Karl Gustaf Torsten Sjögren and Sjögren-Larsson syndrome.

Karl Gustaf Torsten Sjögren (1896–1974), (Figure 1), a Swedish psychiatrist and geneticist, was a pioneer of modern Swedish psychiatry.[1-4] Sjögren studied medicine at the University of Uppsala.[1] From 1932 to 1935, he was Head Physician and Director of Lillehagen Hospital in Gothenburg, and between 1935–1945, he was physician-in-chief at the psychiatric department of Sahlgrenska Hospital in Gothenburg. Sjögren was professor of psychiatry at Karolinska Institutet from 1945 to 1961 and was elected to the Royal Swedish Academy of Sciences in 1951.[3]

Figure 1

Karl Gustaf Torsten Sjögren (1896–1974). Image is provided by the Center for History of Science, the Royal Swedish Academy of Sciences. Permission for republication is granted by Norstedts, Sweden.

Sjögren was an expert of psychiatry for the World Health Organization.[3] Among his many contributions to medicine, he is credited for describing several medical conditions,[5-8] which were later named after him, including Graefe-Sjögren syndrome, Marinesco-Sjögren syndrome, and Sjögren-Larsson syndrome (SLS).

During his work on juvenile amaurotic idiocy, Sjögren forged a collaboration with Tage K.L. Larsson, a statistics lecturer at the University of Lund.[3] Their study on the combination of oligophrenia, congenital ichthyosis, and spastic disorders in 1957 established the clinical and genetic profile of a new disease entity, later known as Sjogren-Larsson syndrome (SLS).[3]

Sjögren-Larsson syndrome

Sjögren-Larsson syndrome – also known in OMIM as ichthyosis, spastic neurologic disorder, and oligophrenia – is a rare autosomal recessive condition comprising congenital ichthyotic hyperkeratosis, spastic diplegia, mild to moderate mental retardation, and retinopathy.[9-12] Hair, nails, and the ability to sweat are generally normal.

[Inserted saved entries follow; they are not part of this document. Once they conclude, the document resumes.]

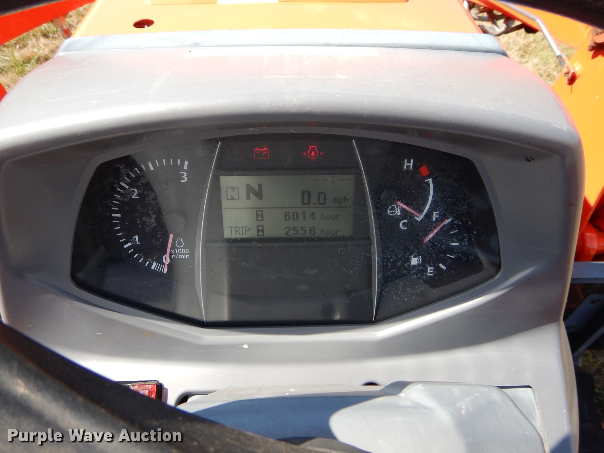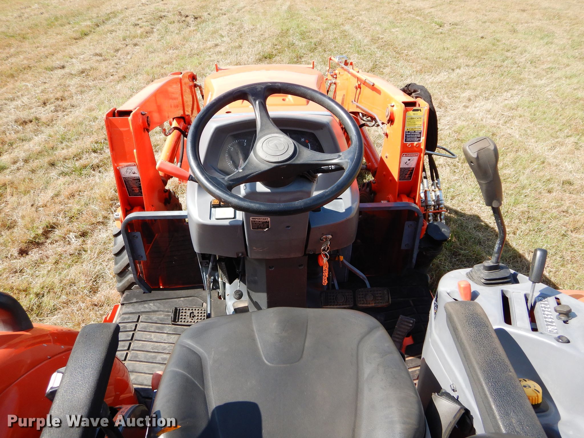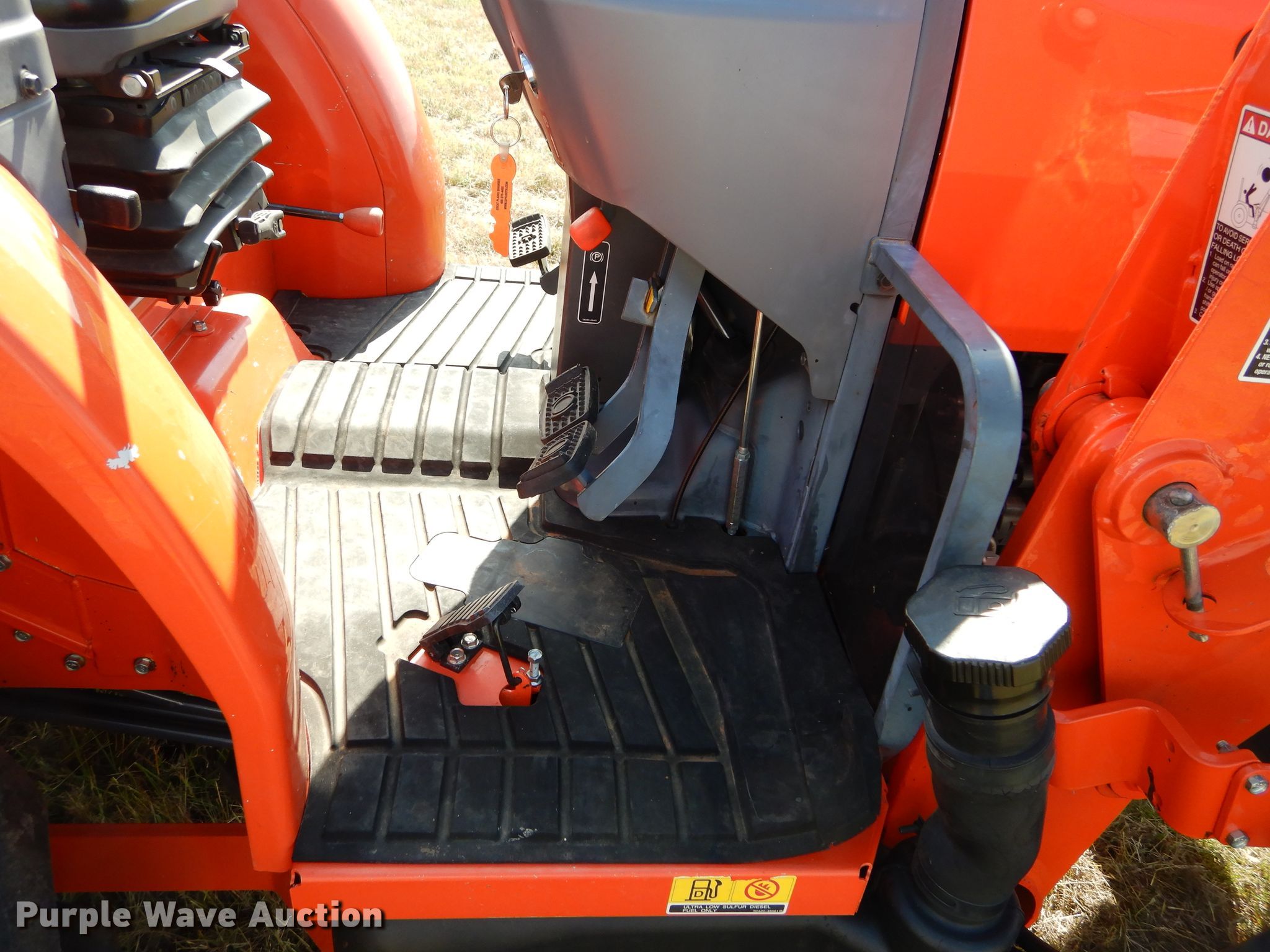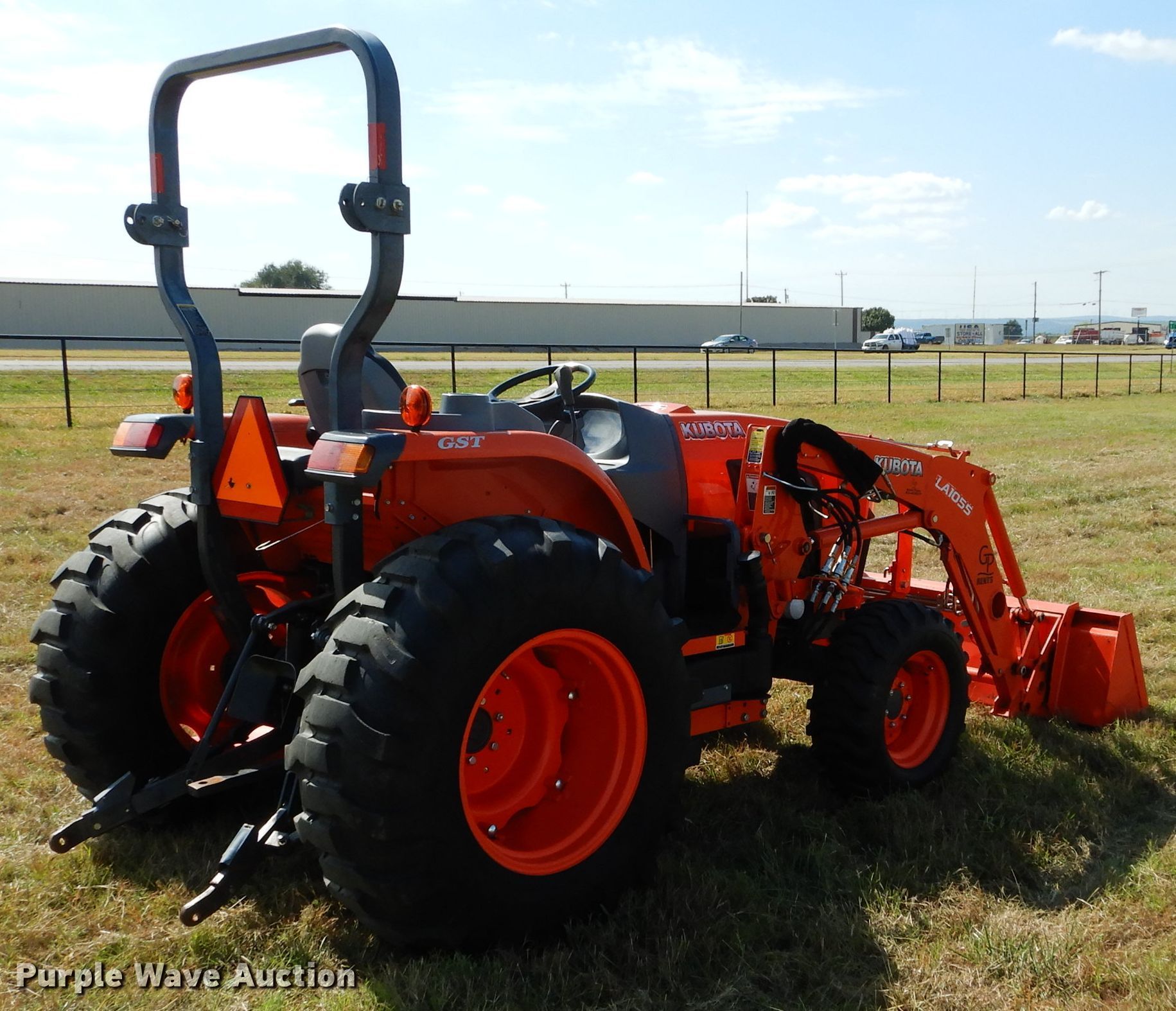 Purple Wave is selling a used Tractor in Oklahoma. This item is a 2017 Kubota L4760D MFWD tractor with the following: 602 hours on meter, Kubota 2.4L four cylinder diesel engine, 49 HP, Glide transmission, 12F-8R gears, Left-hand reverser, Two post ROPS, Kubota LA1055 loader, Kubota L2256 bucket, 66"W, Quick attach, Joystick controls, Three point, 540 PTO, 75" wheelbase, Titan 10-16.5 NHS front tires, Titan 17.5-24 rear tires, Serial 30835
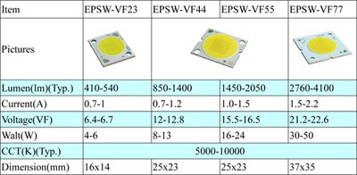 EdiPower® II offers lumen efficiency up to 100 lm/W satisfying most lighting needs. EdiPower® II series provide several choices of luminous; 410-540lm series ideal for replace conventional light sources, such as halogen lamps and mercury. 850-1,400lm can be used in MR16, embedded lights and spot lights. 1,450-4,100lm is suitable for LED projector, and also applicable to large space lighting, factory lighting and architectural lighting, etc.
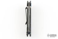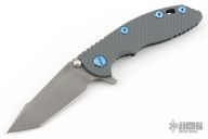 This 3" Harpoon Tanto from Hinderer Knives features a 3" working finished harpoon tanto shaped blade, textured gray G-10 scale and a battle black finished titanium handle and clip, blue titanium hardware. Clip can be mounted for tip up or down carry. Nice lockup, seating, and detent. Comes with original box and extra hardware. New Condition.
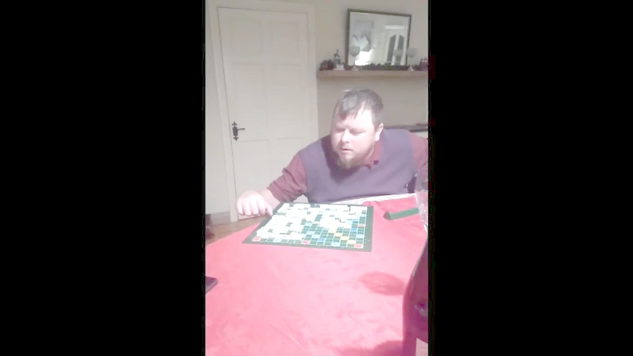 An English Bulldog dog makes a strange noise repeatedly as he whines on the floor indoors.
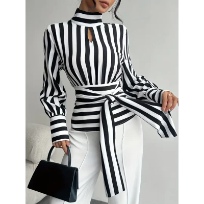 Elegant High Neck Long Sleeve Blouse
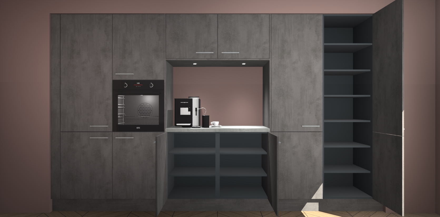 De Beton Antraciet keuken Lodz wordt geleverd met een set van 5 ingebouwde apparaten: Een oven, inductiekookplaat, afzuigkap, vaatwasser en koelkast. Deze kunnen gemakkelijk worden opgewaardeerd naar AEG. Met de gegarandeerde lage prijs en de snelle levering van 7 weken kan u er op rekenen dat de Beton Antraciet keuken Lodz zo snel mogelijk uw huis bereikt!
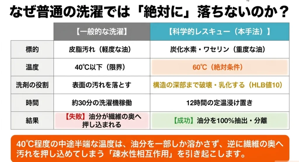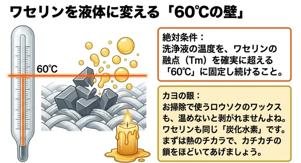 洗濯も全く同じ。軟膏汚れを落とす第一条件は、この融点を超えて、ワセリンを「サラサラのオイル」に変えることです。中途半端な40℃では一部しか溶けず、繊維の奥に残った「核」が汚れを繋ぎ止めてしまいます。だからこそ、私たちは「60℃」という高い温度をターゲットにする必要があります。

SLS was originally described in Swedish patients, but over 200 cases have been reported worldwide in all races. The incidence in Sweden is 1 in 100,000, rising to 1 in 10,000 in the northwest region of Vasterbotten.[10]

SLS presents at birth as ichthyosis that ranges from fine scaling to generalized hyperkeratosis. Preterm birth is common and is been attributed to abnormal leukotriene B4 inactivation.[10] Velvety orange or brown lichenification, often with verrucous hyperkeratosis, develops noticeably in and around the flexures, neck, and midabdomen. The lichenification progresses slowly and is embarrassing to older children, in whom it can restrict the mobility of already hypertonic limbs.[10]

In the first 2 to 3 years, SLS patients can develop neurological manifestations, such as spastic diplegia or tetraplegia and mental retardation, and can be accompanied by defects in speech. Glistening white dots develop in the macula of the retina after 1 year of age but are not present in all patients. Most SLS patients never walk[9] and tend to have short stature. About half of SLS patients experience seizures. The histological findings of hyperkeratosis, papillomatosis, acanthosis, and a mildly thickened granular layer are nonspecific.[11]

SLS is caused by a deficiency in fatty aldehyde dehydrogenase (FALDH), which maps to 17p11.2. Mutations occur in the FALDH gene (ALDH10, recently renamed ALDH3A2).[11] Clinical improvements occurs with fat restriction and supplementation with medium-chain triglycerides.[9]